*** Dataset excerpt Section Begins ***

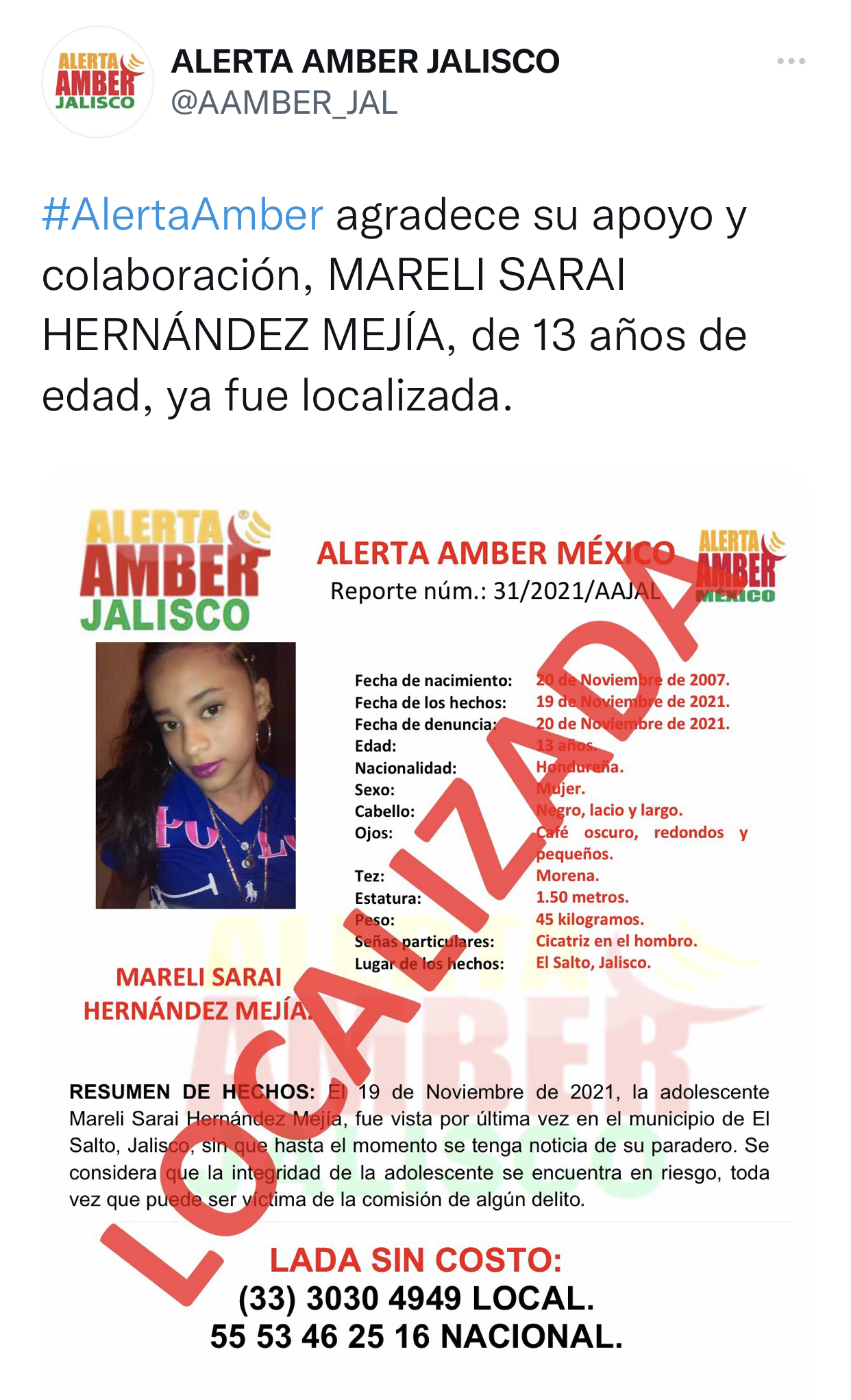 La adolescente de origen hondureño, Mareli Sarai Hernández Mejía ya fue localizada y se encuentra en buen estado de salud.
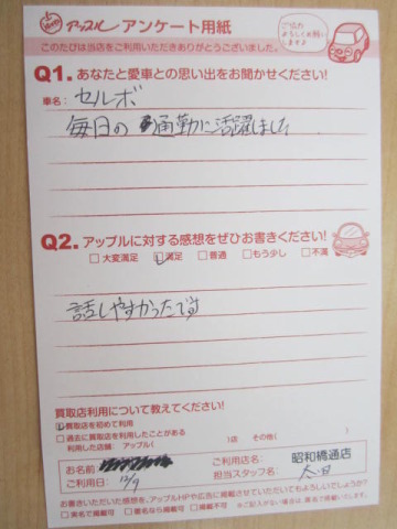 お車のご相談・ 査定だけでもOK! カンタン 入力 30秒 アップルがブランド買取始めました! お電話でも受付中! 受付時間10:00 ~ 19:00 052-363-7811 お車のご相談・ 査定だけでもOK! カンタン 入力 30秒 アップルがブランド買取始めました! お電話でも受付中! 受付時間10:00 ~ 19:00 052-363-7811 アップルがブランド買取始めました! お電話でも受付中! 受付時間10:00 ~ 19:00 052-363-7811 店舗情報 在庫車 スタッフ紹介 ブログ お客様の声 キャンペーン 無料査定 click お客様の声 ご記入日: 2013/12/09 匿名希望セルボ様 話しやすかったです。 前へ 次へ お客様の声一覧を見る
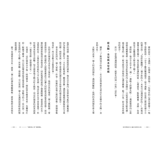 書中對星盤的詮釋並不僅限於神祕的占星象徵,而是融合了白瑜在心理學和哲學方面的深厚學識,並結合他自己的人生經驗,讓每一個星象解讀都帶有深刻的見解和思維廣度。這樣的占星不僅僅是「命運」的解讀,更是一種科學與靈性結合的自我分析過程。

*** Dataset excerpt Section Ends ***

> [Task prompt]
Excluding the images, copy all of the material above verbatim.

> [Solved problem]
 La adolescente de origen hondureño, Mareli Sarai Hernández Mejía ya fue localizada y se encuentra en buen estado de salud.
 お車のご相談・ 査定だけでもOK! カンタン 入力 30秒 アップルがブランド買取始めました! お電話でも受付中! 受付時間10:00 ~ 19:00 052-363-7811 お車のご相談・ 査定だけでもOK! カンタン 入力 30秒 アップルがブランド買取始めました! お電話でも受付中! 受付時間10:00 ~ 19:00 052-363-7811 アップルがブランド買取始めました! お電話でも受付中! 受付時間10:00 ~ 19:00 052-363-7811 店舗情報 在庫車 スタッフ紹介 ブログ お客様の声 キャンペーン 無料査定 click お客様の声 ご記入日: 2013/12/09 匿名希望セルボ様 話しやすかったです。 前へ 次へ お客様の声一覧を見る
 書中對星盤的詮釋並不僅限於神祕的占星象徵,而是融合了白瑜在心理學和哲學方面的深厚學識,並結合他自己的人生經驗,讓每一個星象解讀都帶有深刻的見解和思維廣度。這樣的占星不僅僅是「命運」的解讀,更是一種科學與靈性結合的自我分析過程。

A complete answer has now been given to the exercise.